Борис Казанов - Осень на Шантарских островах
Они перешли разрытый огород, путаясь ногами в картофельной ботве, и стали спускаться в распадок. Воздух был холодный и ясный, и солнце красиво освещало зеленые пологие склоны распадка и поток, широко разлившийся посредине. Они видели озеро, которое смутно голубело через долину у верхней границы леса, -- до него уже не долетал солнечный свет, -- и силуэты аянских елей на берегу, а еще выше -- стадо диких коз, которое цепочкой спускалось к водопою по голому склону. Распадок был покрыт кедровым стлаником, он рос прижатый ветром к земле, а понизу так переплетался корнями, что некуда было поставить ногу. Везде на кустах виднелись клочья линялой медвежьей шерсти. Внизу их оглушил шум потока. Они переходили его, широко разводя ноги на скользких валунах, чтоб не упасть, вода была такой холодной, что это чувствовалось даже сквозь резиновые сапоги, и там, где ступала нога, образовывалась пенная воронка, а дно искаженно отражалось в бегущей воде. Полудворянин нагнулся напиться и увидел, как рыбина тенью мотнулась вверх по ручью и стала на струе в пяти шагах от него: "каменка" -- красно-пятнистая форель, а потом по воде замелькали большие тени, он поднял голову и увидел морских уток, которые низко летели над потоком. Это были крохали -длинноклювые, с белыми пятнами по серому перу, и гаги, белобокие утки. Они были жирные, только отлиняли, крылья казались очень маленькими по сравнению с туловищем, и летели они, неуклюже перевешиваясь корпусом назад; среди них было несколько топорков... "Поздновато стаиваются топорки, -- подумал Полудворянин, -- видно, засиделись в этом году на яйцах..." Утки непрерывно летели над потоком к морю, и было видно, как они, раскрыв крылья, садились на воду за полосой наката -- внизу, по правую сторону от них.

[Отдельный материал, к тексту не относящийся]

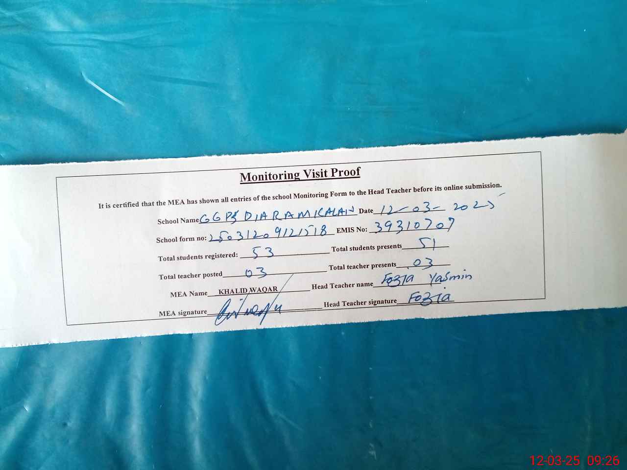 | EMIS Code: 39310707 | Name of School: GGPS DIARAM KALAN | |||

На море был полный отлив, и волны беспорядочно вздувались далеко за береговой чертой. Полудворянин видел по волне, что скоро пойдет сильная зыбь, потому что уже задувал горняк -- сильный северо-восточный ветер. По всему берегу белели громадные остовы китов, полузасыпанные песком. Здесь было "китовое кладбище" -- облюбованное этими зверями место на земле, куда они выбрасываются перед смертью. Может быть, это была легенда, что киты выбрасываются, скорее всего, они просто не успевали до отлива уйти в море и тем самым губили себя. Полудворянин как-то видел кита на мели, он был еще живой и все пытался перевернуться на бок, но не смог этого сделать и задохнулся, раздавив собственной тяжестью грудную клетку. Наверное, это была ерунда, насчет "китового кладбища", но во всяком случае остовов было очень много.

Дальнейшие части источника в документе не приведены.